# Hartford ct snow and ice trade show



## fireside

I found online may 1-3 2018 they are holding a snow and ice trade show.

http://www.ascaonline.org/article/snow-ice-show-earlybird/


----------



## MFRPropertiesCT

That’s awesome and hello nice to meet you


----------



## pipelayer

thats awesome, ill be in attendance.


----------



## Broncslefty7

i'll also be there with a few of my guys.


----------



## pipelayer

are you going to have a station setup?


----------



## Broncslefty7

Are you guys taking classes or going for the show?


----------



## pipelayer

Broncslefty7 said:


> Are you guys taking classes or going for the show?


theres classes? lol


----------



## Broncslefty7

Yeah there’s three days of classes


----------



## fireside

no classes for me for that kind of money. I have gotten this far with out them.


----------



## Broncslefty7

yeah it does seem a bit pricey. even the sima courses are pretty pricey. looking at the site map there is still a bunch of unbooked booths. looks like mostly ice melt companies, and insurance companies...


----------



## fireside

I can only imagine what a booth space costs! Even 35 show floor is pricey and I go to expos all the time for the FD.


----------



## Broncslefty7

8x10 is 3500 10x10 is like 4500 20x40 is 20k......

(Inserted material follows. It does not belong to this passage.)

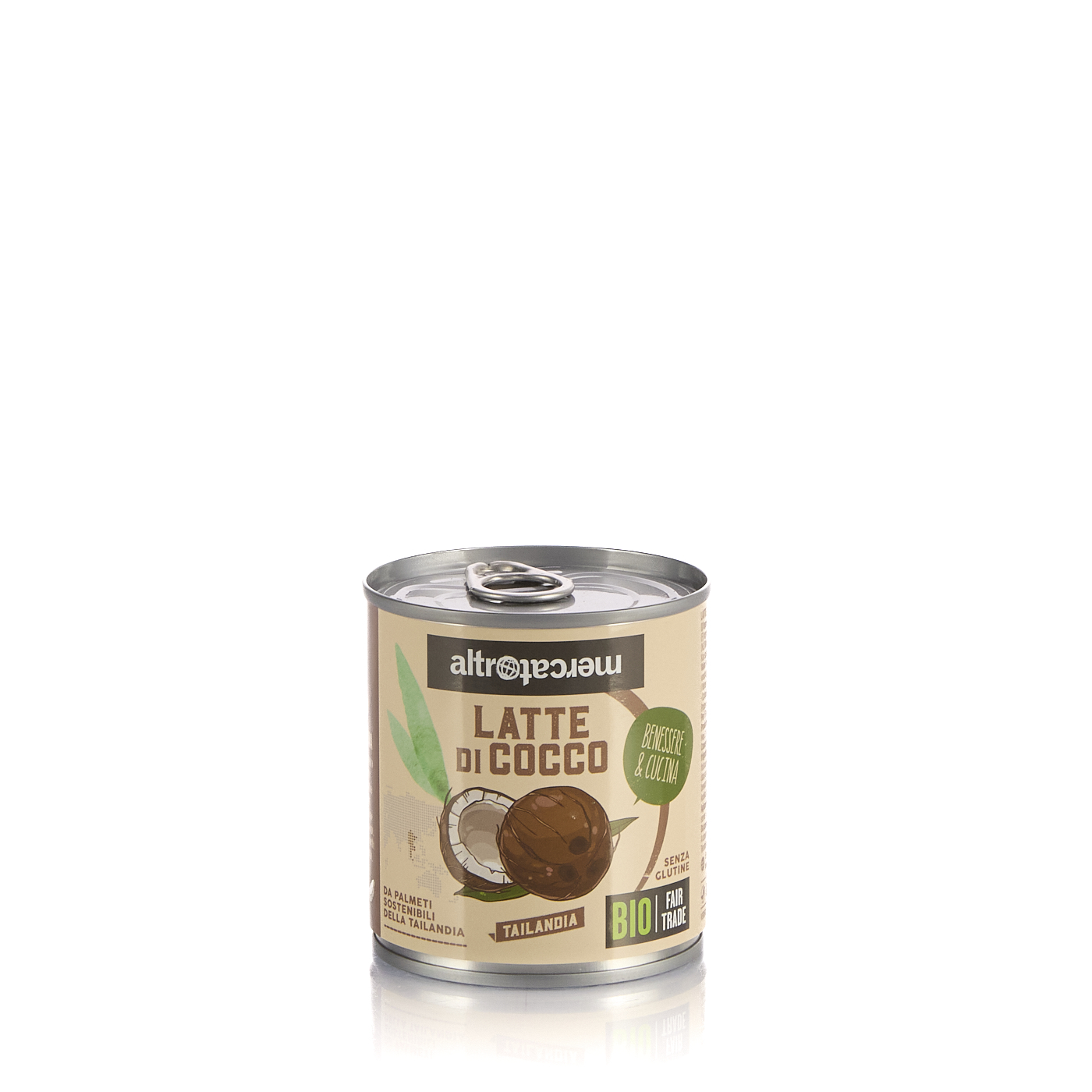 Latte di cocco biologico, Altromercato. Prodotto sostenibile ottenuto da palmeti coltivati in Thailandia e certificato fair trade.

i checked them out but it was CRAZY EXPENSIVE. i dont even pay that much for the home show.


----------



## pipelayer

yeah ill just be passing thru at this point


----------



## Broncslefty7

I just want to see the metal pless booth, I need to inspect some of those.


----------



## shawn_

Anyone know what vendors will be there?


----------



## Luther

http://www.snowandiceshow.com/exhibitors


----------



## leigh

Whats our secret code to recognize each other? How about we all get mohawks?


----------



## iceyman

leigh said:


> Whats our secret code to recognize each other? How about we all get mohawks?


----------



## Broncslefty7

lolol.


----------



## Broncslefty7

does anyone know what time the actual show floor opens? normally with these shows is classes during the day and then the show floor opens in the afternoon?


----------



## Defcon 5

You guys are lucky....Someone amongst us will be speaking there...Luther is a keynote speaker...He enjoys Budweiser so make sure you buy him a few


----------



## Broncslefty7

idk, i think its pretty lame they couldnt sell out all of the booths....

the pricing for the booths is absolutely ridiculous though. the classes look decent but we are slammed so i wont be able to make it. ill probably just have time to walk through the show and see some of the new stuff.


----------



## Defcon 5

Broncslefty7 said:


> idk, i think its pretty lame they couldnt sell out all of the booths....
> 
> the pricing for the booths is absolutely ridiculous though. the classes look decent but we are slammed so i wont be able to make it. ill probably just have time to walk through the show and see some of the new stuff.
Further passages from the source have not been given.